● Task requirements: Quote the listing below word for word, stopping after the line that contains "Шкаф трехсекционный двухъярусный".

● Given information:
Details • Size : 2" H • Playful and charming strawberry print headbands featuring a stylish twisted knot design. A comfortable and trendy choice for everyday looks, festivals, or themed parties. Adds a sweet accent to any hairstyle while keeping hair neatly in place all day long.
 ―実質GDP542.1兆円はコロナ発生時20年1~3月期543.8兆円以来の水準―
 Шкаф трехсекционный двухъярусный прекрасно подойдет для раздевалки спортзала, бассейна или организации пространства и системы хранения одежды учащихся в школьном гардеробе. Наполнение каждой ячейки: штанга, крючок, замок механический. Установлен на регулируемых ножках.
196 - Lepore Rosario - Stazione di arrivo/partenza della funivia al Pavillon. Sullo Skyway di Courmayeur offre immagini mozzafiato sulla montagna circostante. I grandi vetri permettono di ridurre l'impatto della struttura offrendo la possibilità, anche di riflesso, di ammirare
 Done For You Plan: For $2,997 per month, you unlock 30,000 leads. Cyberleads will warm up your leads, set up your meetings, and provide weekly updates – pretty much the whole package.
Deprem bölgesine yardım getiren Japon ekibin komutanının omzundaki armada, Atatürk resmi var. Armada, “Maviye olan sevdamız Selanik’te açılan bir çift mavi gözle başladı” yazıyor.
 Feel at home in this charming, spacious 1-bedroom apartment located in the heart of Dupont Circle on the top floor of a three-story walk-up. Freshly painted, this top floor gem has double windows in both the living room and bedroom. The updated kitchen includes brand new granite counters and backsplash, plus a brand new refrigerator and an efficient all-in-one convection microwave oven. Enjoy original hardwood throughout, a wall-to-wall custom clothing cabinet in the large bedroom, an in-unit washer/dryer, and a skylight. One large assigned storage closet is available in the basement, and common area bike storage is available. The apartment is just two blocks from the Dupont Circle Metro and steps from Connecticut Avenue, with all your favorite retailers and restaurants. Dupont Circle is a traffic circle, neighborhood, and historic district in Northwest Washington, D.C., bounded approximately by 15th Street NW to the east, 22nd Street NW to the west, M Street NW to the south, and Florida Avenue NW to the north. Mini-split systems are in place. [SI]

● Exercise response:
Details • Size : 2" H • Playful and charming strawberry print headbands featuring a stylish twisted knot design. A comfortable and trendy choice for everyday looks, festivals, or themed parties. Adds a sweet accent to any hairstyle while keeping hair neatly in place all day long.
 ―実質GDP542.1兆円はコロナ発生時20年1~3月期543.8兆円以来の水準―
 Шкаф трехсекционный двухъярусный прекрасно подойдет для раздевалки спортзала, бассейна или организации пространства и системы хранения одежды учащихся в школьном гардеробе. Наполнение каждой ячейки: штанга, крючок, замок механический. Установлен на регулируемых ножках.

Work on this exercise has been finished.